More and more commitments will put the industry at the forefront of the fight against global warming. The GSM Association (GSMA) - which represents the interests of mobile operators worldwide - has taken the lead in helping the mobile industry achieve net-zero carbon emissions by 2050. It has supported the launch of science-based pathways.
As of April 2021, according to GSMA, operators representing 65% of the mobile market (by revenues) have committed to science-based targets for carbon reductions and net-zero emissions.
It is encouraging, and I foresee the industry to be well-advanced in this transition if they share best practices with one another. We can build industry-level standards.
It is exactly what we have done in Europe with the Eco Rating, a new labelling system to help customers find how sustainable their mobile device is. This label was initiated by EcoAct, an Atos company, and leading mobile operators in Europe: Deutsche Telekom, Orange, Telefónica, Telia Company and Vodafone. Bringing more transparency for consumer choices, we push manufacturers to make bold moves on the environmental impact of their products, in terms of production, use, transport and disposal.
While we work towards the long term, what can small and midsize technology companies do in the meantime to decarbonize?
Atos supports those small and midsize business with an end-to-end offering, including measurement, reduction and offset.
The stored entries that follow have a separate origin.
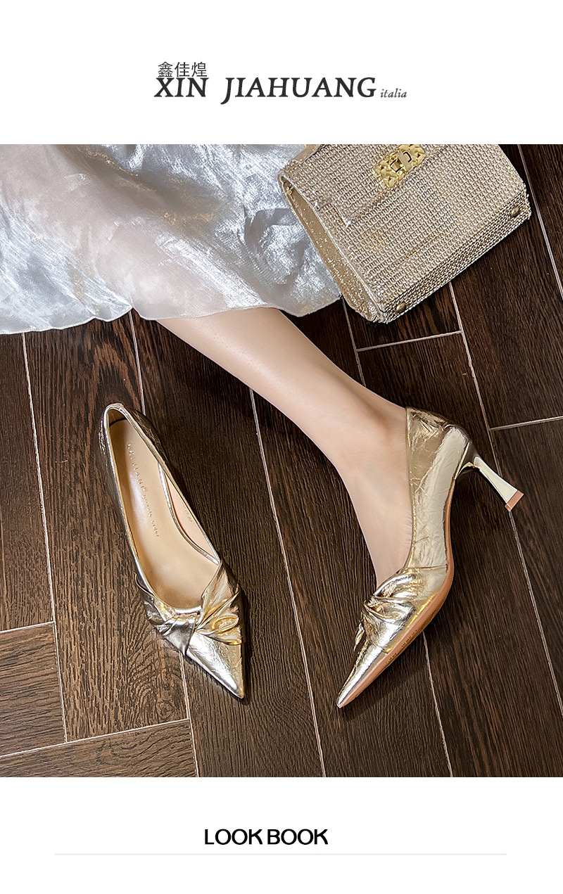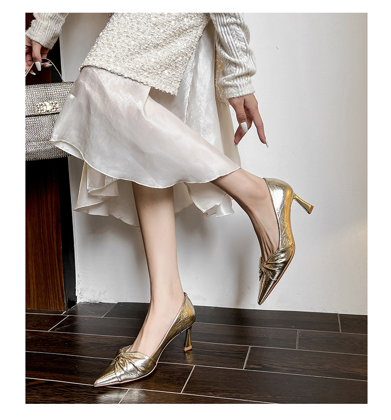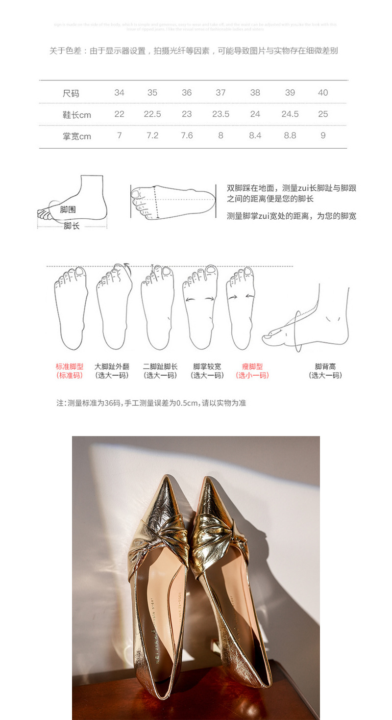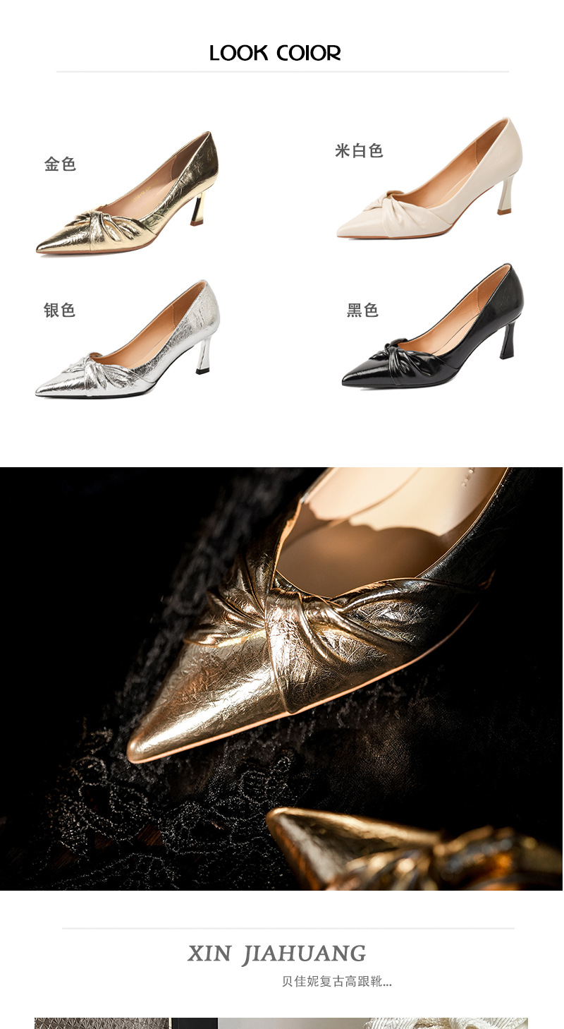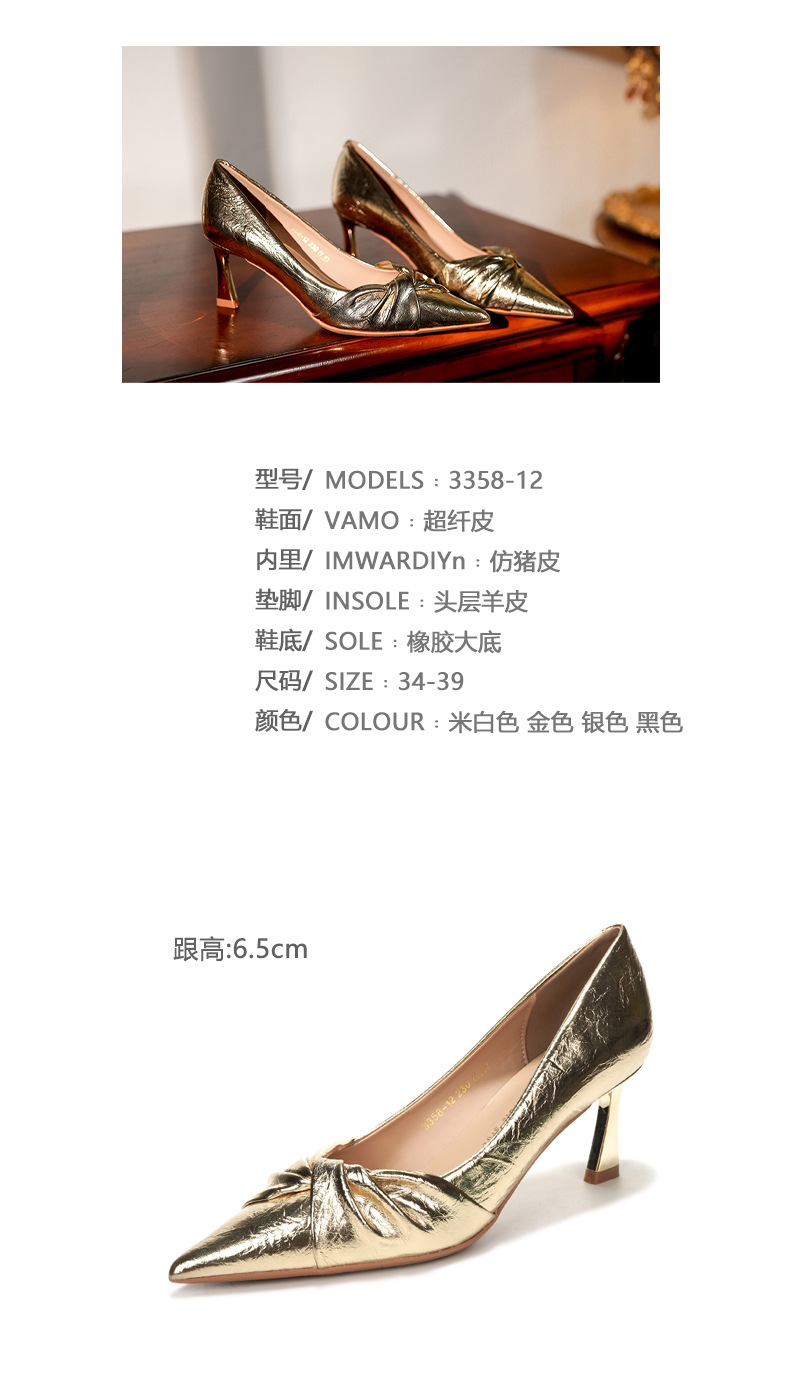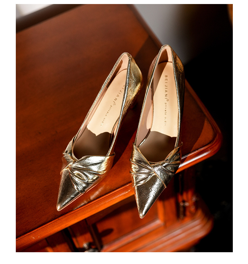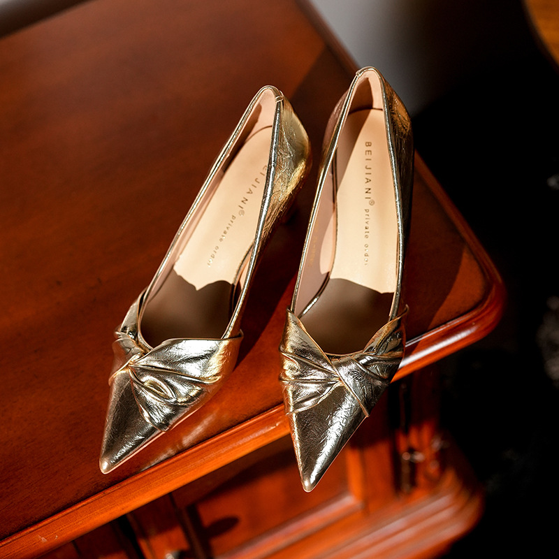 3358-12 골든 양 뾰족한 트위스트 하이힐 슈즈 여성용 얇은 힐 고급 기질 양가죽 싱글 슈즈 봄과 가을스토어 가기
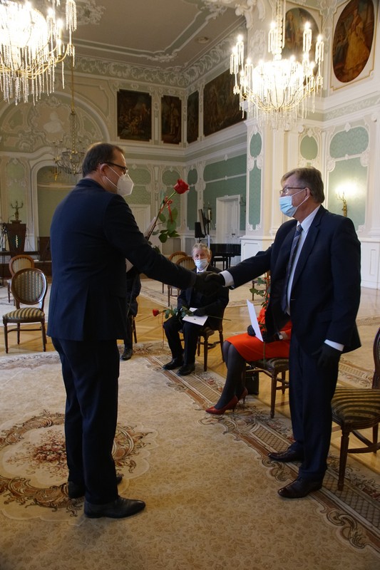 Rektor prof. dr hab. Adam Krętowski wręczył dyplomy za całokształt dorobku naukowcom, którzy wiele lat pracowali w Uniwersytecie Medycznym w Białymstoku. Uroczystość odbyła się 22 grudnia w Aula Magna w Pałacu Branickich.
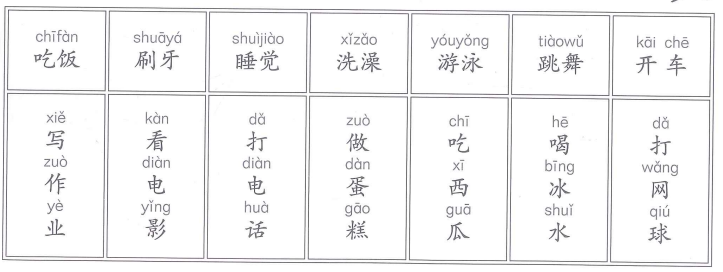 🔊 刷牙 shuāyá — đánh răng 🔊 睡觉 shuìjiào — ngủ 🔊 看电影 kàn diànyǐng — xem phim 🔊 打网球 dǎ wǎngqiú — chơi tennis 🔊 吃西瓜 chī xīguā — ăn dưa hấu
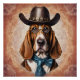 A whimsical Basset Hound named Art wearing glasses, a hat and tie.
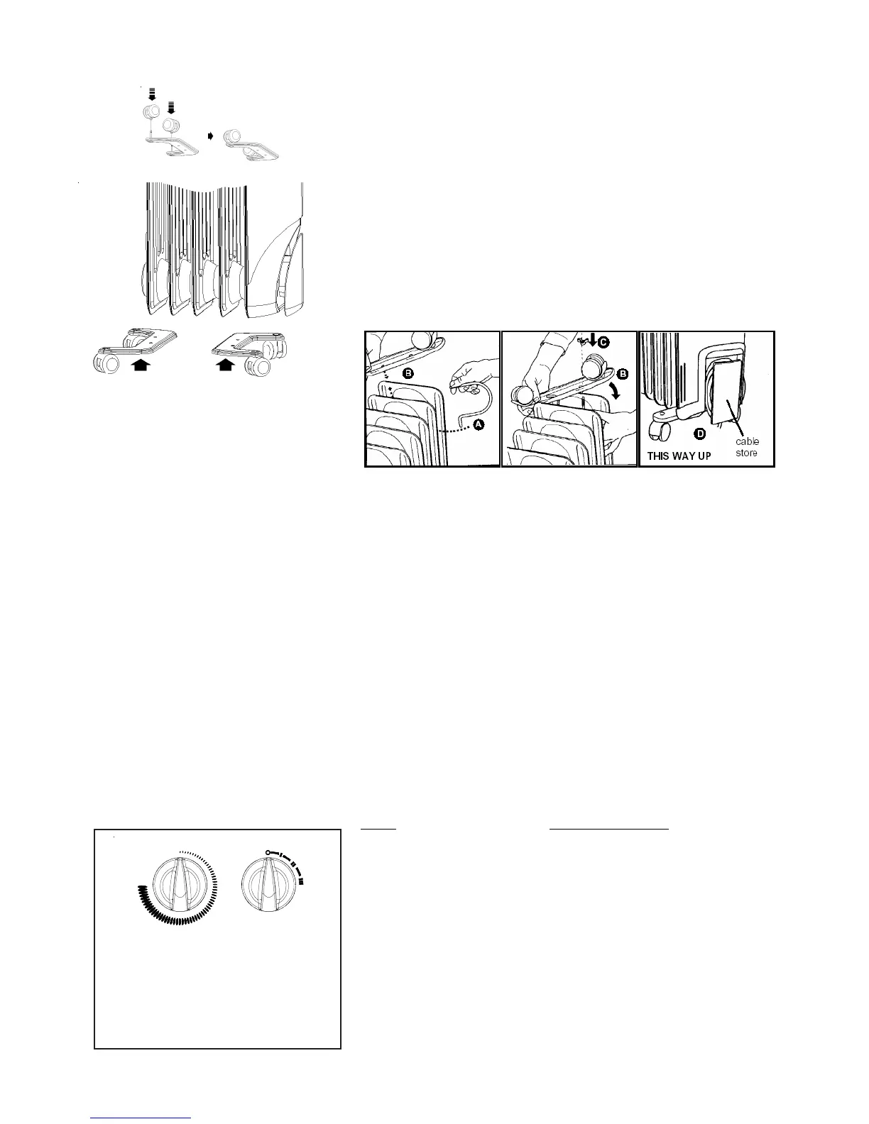 The castors must be fitted between the outer fins (as shown on ‘b’ and ‘c’ in Fig 1).
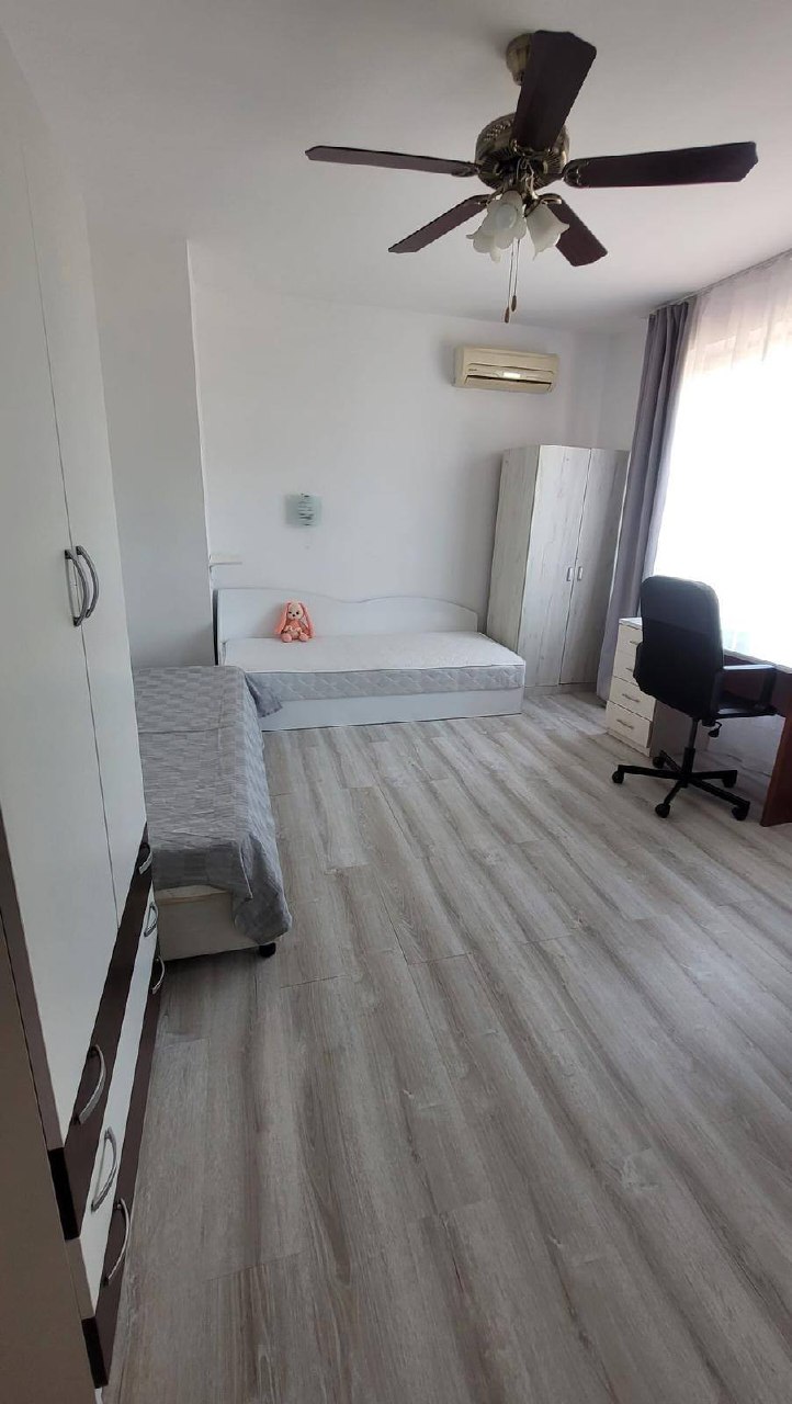 Продается просторная квартира площадью 105 м² на четвертом этаже комплекса Magic Dreams в Святом Власе. Квартира включает две отдельные спальни, гостиную с кухонной зоной, два санузла и застекленный балкон.
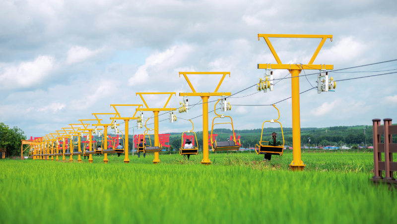 在吉林省和龙市光东村,游客乘坐稻田低空缆车游览(2025年7月18日摄)。邵泽东摄
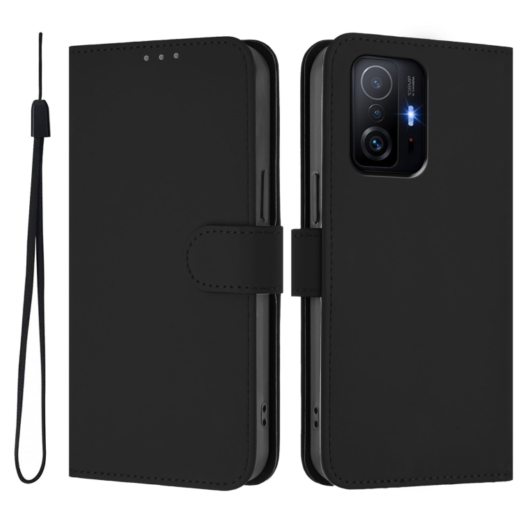 Funda de Piel Sintética con Cordón para Xiaomi 11T/11T Pro, Color Liso, con Tacto de Piel (Negro)
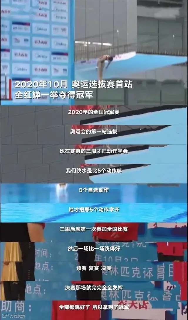 遗憾的是,在赛前的队内测验中,全红婵水平发挥不佳,5个动作的总得分,比奥运会选拔赛时少了将近60分。
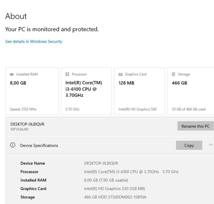 CPU: Intel I3-6100

This is how we make a difference, addressing this net-zero transformation challenge for organizations from any industry and any operational size.
The advantage for SMEs is their ability of course to pivot more easily than large companies. They can be sustainable by design and pave the way for the rest of the industry. With fewer suppliers and clients, it is easier to target Scope 3 emissions which include CO2 emissions that lie outside their operations.
The condition for them is to share best practices and interact more together on the matter. This is the only way they can drive change from the bottom.